Das EU-Parlament hat am 26. November dafür gestimmt, die Beitrittsverhandlungen mit der Türkei einzufrieren. Grund dafür ist die Verletzung grundsätzlicher Menschenrechte durch die türkische Regierung. Angesichts der Repressionen gegen Oppositionelle in der Türkei erwägt die EU Wirtschaftssanktionen gegen die Türkei.

Der Tropfen, der das Fass zum Überlaufen bringt

Nach der Entscheidung des EU-Parlaments forderte der türkische Präsident Recep Tayyip Erdogan die EU auf, ihre „Grenzen“ bei der Kritik anderer Staaten einzuhalten. Die türkische Regierung sei dafür verantwortlich, das Land zu leiten. Die EU dürfe sich nicht in die inneren Angelegenheiten der Türkei einmischen. Der türkische Präsident ließ die Fragen offen, ob der Ausnahmezustand nach dem gescheiterten Putschversuch in der Türkei verlängert und die Wiedereinführung der Todesstrafe diskutiert werde. Die Türkei will 2017 eine Volksabstimmung zum EU-Beitritt abhalten. Zuvor hatte Erdogan gedroht, die Grenze für Flüchtlinge wieder zu öffnen.

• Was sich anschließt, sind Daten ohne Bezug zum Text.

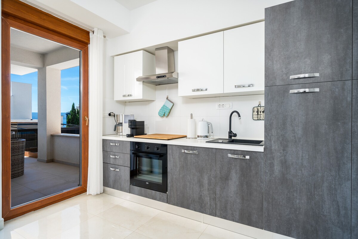 Нова квартира на 5 місць для двох, повністю відрізняється від інших. Чудове розташування з приватним гаражем, прекрасним видом на море. Ванна розташована на точці огляду на щурів Златні та Видову гору. Ліжко King size, інфрачервона сауна, підлогове опалення зроблять ваше перебування дуже комфортним протягом усього року. Ми надаємо халат, тапочки та пляжні рушники, кавоварку Dolce gusto. Розумний телевізор у вітальні та спальні, включно з Netflix. Можливий аранжевий сніданок "шведський стіл" у сусідньому готелі 4* Тільки для дорослих.

Es ist nicht schwer, die Reaktion der Türkei zu verstehen, nachdem das EU-Parlament die Entscheidung zum Einstellen der EU-Beitrittsverhandlungen der Türkei getroffen hat. Die Türkei stellte 1987 den Aufnahmeantrag für einen Beitritt in die EU. Die Beitrittsverhandlungen wurden allerdings erst im Jahr 2005 begonnen. In den vergangenen elf Jahren hat dieser Verhandlungsprozess zahlreiche Hindernisse überwunden. Inzwischen haben sich beide Seiten in wenigen von zahlreichen Punkten geeinigt.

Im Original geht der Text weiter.